- Theatrical release poster
- Directed by: Jonathan Demme
- Written by: Jonathan Demme
- Produced by: Jonathan Demme Edwidge Danticat Bevin McNamara Peter Saraf
- Starring: Jean Dominique Michèle Montas
- Cinematography: Aboudja Jonathan Demme Bevin McNamara Peter Saraf
- Edited by: Lizzie Gelber Bevin McNamara
- Music by: Wyclef Jean
- Distributed by: THINKFilm
- Release dates: February 23, 2003 (Miami International Film Festival); April 23, 2004 (US);
- Running time: 90 minutes
- Country: United States
- Languages: English French Haitian Creole
- Box office: $226,189

= The Agronomist =

The Agronomist is a 2003 American documentary written and directed by Jonathan Demme about Jean Dominique. The documentary follows the life of Dominique, who ran Haiti's first independent radio station, Radio Haiti-Inter, during multiple repressive regimes.

== Summary ==
The titular Agronomist is Jean Leopold Dominique, owner of Radio Haiti-Inter, Haiti's first independent radio station. The documentary consists of historical footage and personal interviews director Jonathan Demme conducted years earlier with Dominique.
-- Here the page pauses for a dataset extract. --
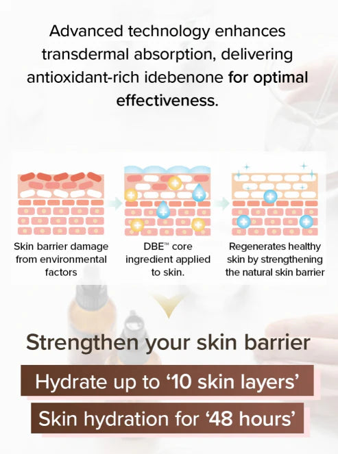 The Idebenone Blackberry Intense Cream is a rich, high-nutrition cream designed to offer powerful hydration and enhance skin elasticity through a unique skin barrier strengthening complex. It features a patented skin barrier strengthening complex, DBE™ (Derma Multi Barrier Emulsion), which reinforces the skin barrier and enhances the skin's own moisturizing function. Clinically proven, the cream improves hydration for 48 hours after one use, shows improvement in all ten indicators after five uses, and enhances the skin barrier after two weeks.

The film follows Dominique's career as a broadcaster from the founding of Radio Haiti-Inter in 1960 focusing on injustice and promoting democracy for the masses, resulting in clashes with the ruling regimes and Dominique's eventual assassination. Following his death, his wife and fellow journalist, Michèle Montas, broadcast from the station for another three years. Radio Haiti-Inter ceased operations in 2003.

==Reception==
The Agronomist was shown on May 3, 2004, at the UN Headquarters in NYC while observing World Press Freedom Day. There were no seats vacant for the showing at noon.
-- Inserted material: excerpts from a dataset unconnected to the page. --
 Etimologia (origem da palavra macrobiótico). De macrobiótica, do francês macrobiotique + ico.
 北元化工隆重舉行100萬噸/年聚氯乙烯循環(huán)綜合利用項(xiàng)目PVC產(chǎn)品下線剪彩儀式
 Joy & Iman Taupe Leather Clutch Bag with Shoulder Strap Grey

The film received favorable reviews by critics. It received a 96% "fresh" rating on Rotten Tomatoes Praise focused on the use of historical footage combined with interviews.

Box office receipts totaled $226,189 in 21 theaters in the U.S.

==Home media==
The film was released on DVD on June 7, 2005, with English and French spoken language tracks and subtitles in English, Spanish, and French.